12" maxi single (withdrawn)
- A1. "Smile" – 4:55
- A2. "Is It Scary" (Deep Dish Dark and Scary Remix) – 12:07
- B1. "Is It Scary" (Eddie's Rub-a-Dub Mix) – 5:00
- B2. "Is It Scary" (Eddie's Love Mix) – 8:00
- B3. "Off the Wall" (Junior Vasquez Remix) – 4:57

====Charts====

Chart performance for "Smile" by Michael Jackson
| Chart (2009) | Peak position |
|---|---|
| Germany (GfK) | 71 |
| Switzerland (Schweizer Hitparade) | 70 |
| UK Singles (Official Charts) | 74 |
| US Digital Song Sales (Billboard) | 56 |

===Other charting versions===
- September 1954: Sunny Gale (with Hugo Winterhalter Orchestra) – RCA Victor 5836 (#19)
- October 1954: David Whitfield – Decca F.10355 (#25)
- In 1959, Tony Bennett recorded the song which in the US, peaked at #73 on the Hot 100.
- In 1961, Timi Yuro released a version that reached #42 on the Hot 100.
- In late 1964, Jerry Butler and Betty Everett recorded and charted with the song as a duet.
- Robert Downey Jr. recorded 2 versions of the song--one was included in the soundtrack of the movie Chaplin and released as a single in U.K. in 1992; the other was included in his album The Futurist. The U.K. version topped at #68.
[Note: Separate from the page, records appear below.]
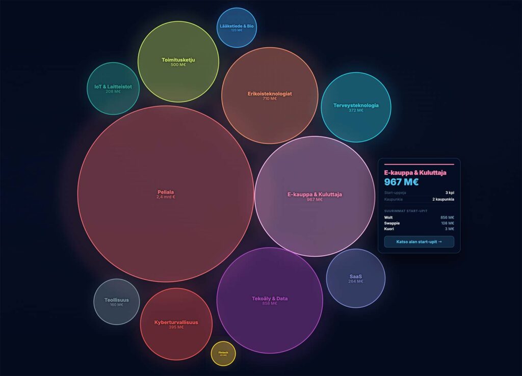 Suomen start-up ekosysteemi -infografiikka näyttää eri alojen ja yritysten osuudet start-upien rahoituksesta. Suodata näkymää toimialan, kaupungin ja rahoituskierrosten perusteella.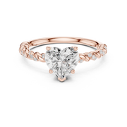 This romantic diamond ring features a captivating heart cut center stone, beautifully secured in a refined collet setting. The heart-shaped diamond delivers brilliant sparkle through its symmetrical curves and precisely faceted surface, creating exceptional light reflection and depth.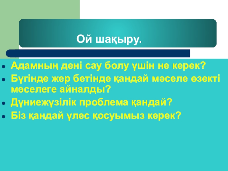 Ой шақыру.Адамның дені сау болу үшін не керек?Бүгінде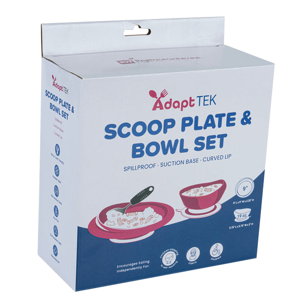 Enhance dining independence with our reliable adaptive scoop plate. The Adapt Tek Non-Slip Base Adaptive Scoop Plate and Bowl Set features deep sides and an anti-skid bottom, providing a secure eating surface that prevents spills for those with limited dexterity. Its high-to-low rim design aids in scooping food onto utensils effortlessly, making it an ideal nursing home plate for fostering autonomy during meals. Constructed from food-safe plastic, this plate is microwave, freezer, and dishwasher safe, simplifying meal preparation and cleanup in busy foodservice environments. Measuring 9.06 inches in diameter and 2.21 inches in height, it offers ample space for various meal types while ensuring stability with its non-skid silicone suction base. This adaptive scoop plate is a comprehensive dining solution, enhancing accessibility and reducing the need for multiple dishware items. Each order includes 1 Adapt Tek Non-Slip Base Adaptive Scoop Plate and Bowl Set.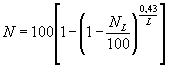 N_L -коэффициент ослабления светового потока по вспомогательной шкале дымомера с эффективной базой, равной L, %.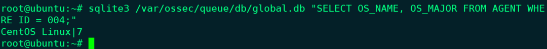 sqlite3 /var/ossec/queue/db/global.db "SELECT OS_NAME, OS_MAJOR FROM AGENT WHERE ID = 004;"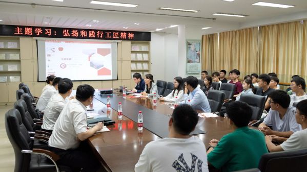 座谈交流结束后,学院组织开展了主题学习活动。中共江苏省委党校科学社会主义教研部李潇翔老师以弘扬和践行工匠精神为题展开授课,向各位领导老师和同学们讲述了工匠精神的内涵、弘扬和践行工匠精神何以需要以及路径。

===Other notable recordings===

- Barbra Streisand recorded her own version for The Movie Album as well as for the soundtrack of Mona Lisa Smile in 2003.
- Westlife covered the song on their 2004 album ...Allow Us to Be Frank. The song was released as the first single from the record on 4 November 2004.
- In 2006, Tony Bennett did his own version of the song in his album Duets: An American Classic with Barbra Streisand.
- Lady Gaga recorded a version of the song for Harlequin (2024), her companion album to the American musical thriller film Joker: Folie à Deux (2024).

==In popular culture==

- The Jimmy Durante recording is part of the soundtrack to the 2019 film Joker. The titular lead character also watched scenes from Modern Times (the film from which the instrumental track that would become "Smile" originated) during a scene in which he sneaks into a movie theatre.